Выбрать главу

Томазина не могла понять, зачем ее матери понадобился юноша намного моложе ее. Правда, Лавиния всегда гордилась своей моложавостью.

«Нет, – возразила себе Томазина. – Он же сказал, что она только пыталась его очаровать. Он был женат. Элис ждала ребенка. Нет, Ник не из тех, кто нарушает свою клятву! Слишком серьезно он относится к своим обязанностям. Не в его характере лгать и изворачиваться.» Но до сегодняшней ночи Томазина то же самое сказала бы и о его отце…

Не зная, что подумать, Томазина не понимала, почему он злится на нее. Наверное, даже девять лет спустя он ненавидит ее мать. Или он презирает себя за то, что поддался ее чарам? Одно ясно: глядя на Томазину, он видит перед собой Лавинию.

Когда на другое утро Томазина вошла в большую залу, женщины искоса взглянули на нее и отвели взгляды. Никто не разговаривал и не смеялся.

– Где миссис Раундли? – спросила она.

– В постели.

Только Марджори Кэрриер была такой же, как всегда, веселой и улыбчивой, зато Томазине нелегко было смотреть ей в глаза после того, что она узнала о ее муже.

Томазина вышла из залы и поднялась по лестнице.

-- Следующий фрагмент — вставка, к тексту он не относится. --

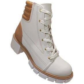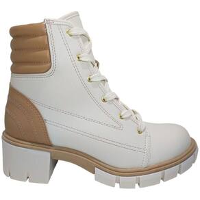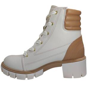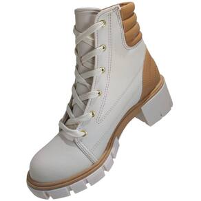 Bota Coturno Feminino Tratorado Salto Bloco Médio Moleca 5338.107 - 37 - Bege Claro
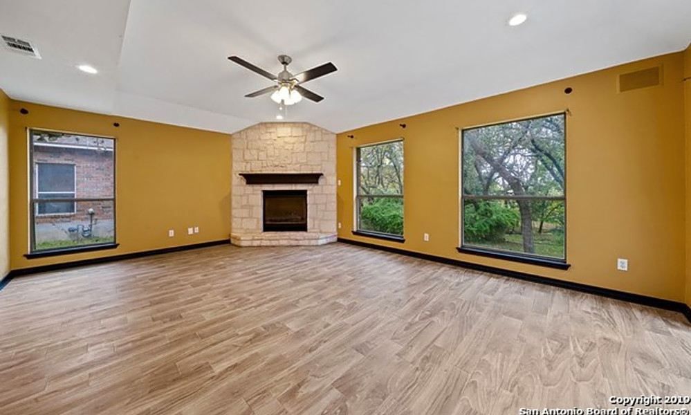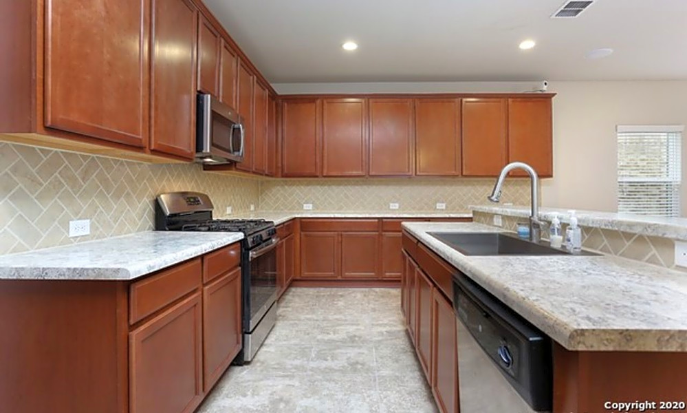 Next, there's this two-bedroom, two-and-a-half-bathroom spot located at 17803 La Cantera Terrace. It's listed for $2,018/month for its 1,466 square feet.

– Мне надо поговорить с твоей хозяйкой, – сказала она Агнес.

– Она никого не хочет видеть. У нее болит голова.

Томазина обошла упрямую горничную и толкнула дверь, которая оказалась запертой.

Неужели она сейчас со своим любовником? Ревность завладела Томазиной, когда она подумала, что Фрэнси лежит рядом с Ником. Неужели он совсем ослеп? Это Фрэнси ведет себя как Лавиния, а не Томазина!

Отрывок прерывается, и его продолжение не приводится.